Kansas violinist bridges gap between rock, classical
David Ragsdale loves doing orchestra shows with his band, Kansas. And not just because he's the band's violin player -- he's the violin player.
"Look how much cooler my violin looks than the others," he joked during a phone interview with The Beat. To say nothing of being the one who's able to plug the electric violin into an amplifier and crank up the volume.
But Ragsdale won't flaunt it to any of the players in the orchestras, as he was once among them, having spent four years as a violinist with the Tulsa Philharmonic.
"I'm bilingual," he said -- meaning he speaks the musical language of both rock 'n' roll and classical musicians.

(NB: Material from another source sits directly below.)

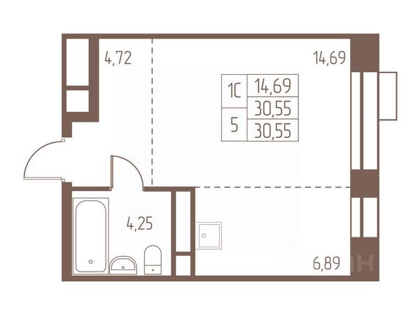 Квартира светлая, общая площадь — 24,5 кв. м., жилая - 11,5, кухня - 5 (соответсвенно общая площадь комнаты с кухней = 16,5 кв. метров), коридор - 4 кв. метра, санузел - 4,5 (увеличенный), дом находится в благоустроенном районе города.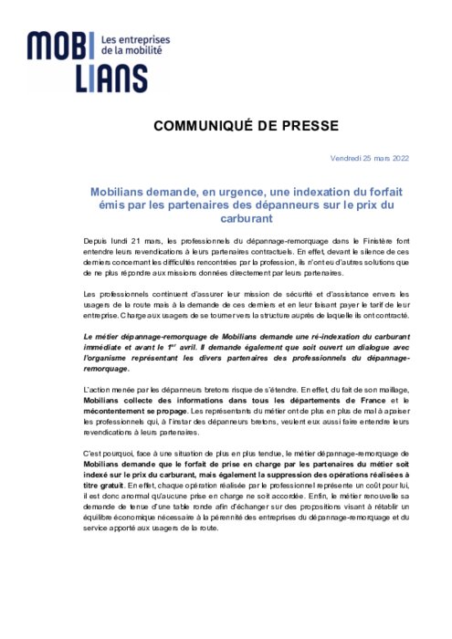 Le métier dépannage-remorquage de Mobilians demande une ré-indexation du carburant immédiate et avant le 1er avril. Il demande également que soit ouvert un dialogue avec l’organisme représentant les divers partenaires des professionnels du dépannage-remorquage. L’action menée par les dépanneurs bretons risque de s’étendre. En effet, du fait de son maillage, Mobilians collecte des informations dans tous les départements de France et le mécontentement se propage...

Ragsdale said playing with a symphony orchestra is a special thing.
"There aren't that many things that give us goosebumps anymore, but it happens when you're playing with a full orchestra."
Beyond the music featuring the violin, Kansas songs make for a natural partnership with orchestras.
"You look at the construction of the songs, not just because there are violin parts but all the parts and the layers, they're classically influenced. In these arrangements (by conductor and music director Larry Baird), there's really something for the orchestra to play."
Being "bilingual," being persistent and there not being anyone playing violin parts at a certain point in Kansas' 40-year history got Ragsdale his job with the band.
"In the mid-80s, the band had broken up and was getting back together with guitarist Steve Morse, who'd been in the Dixie Dregs. And they were a band that featured a violinist, like Kansas had been. But their record, Power, didn't have a violinist. So you had these two violin bands getting together but with no violin."
Ragsdale said a friend convinced him to record himself playing along with the songs and send them to the band.
"I could hear parts for the violin that weren't there, so I recorded them and sent them along. I petitioned pretty heavily for the band, and four years later, they hired me."
During his two stints with Kansas -- from 1991-97 and 2006-present -- Ragsdale has played both violin and guitar, an instrument he picked up in his teens before he discovered he could be a violin player and still play in a rock band. The experience contributed to his being able to speak both musical languages, and also provide added benefit to the band.
In this, the band's 40th anniversary year, Kansas is particularly busy. Later this summer, the band will play a special concert featuring three founding members no longer with the band: Kerry Livgren, Dave Hope and Robby Steinhardt. The concert will be half with a full orchestra, half a band-only set.
"We've been around long enough that fans are bringing back their kids, and in some cases fans who were bringing their kids back then are coming with their grandchildren, so we're getting three generations. It's pretty cool.
"That's what can happen when the music is that good."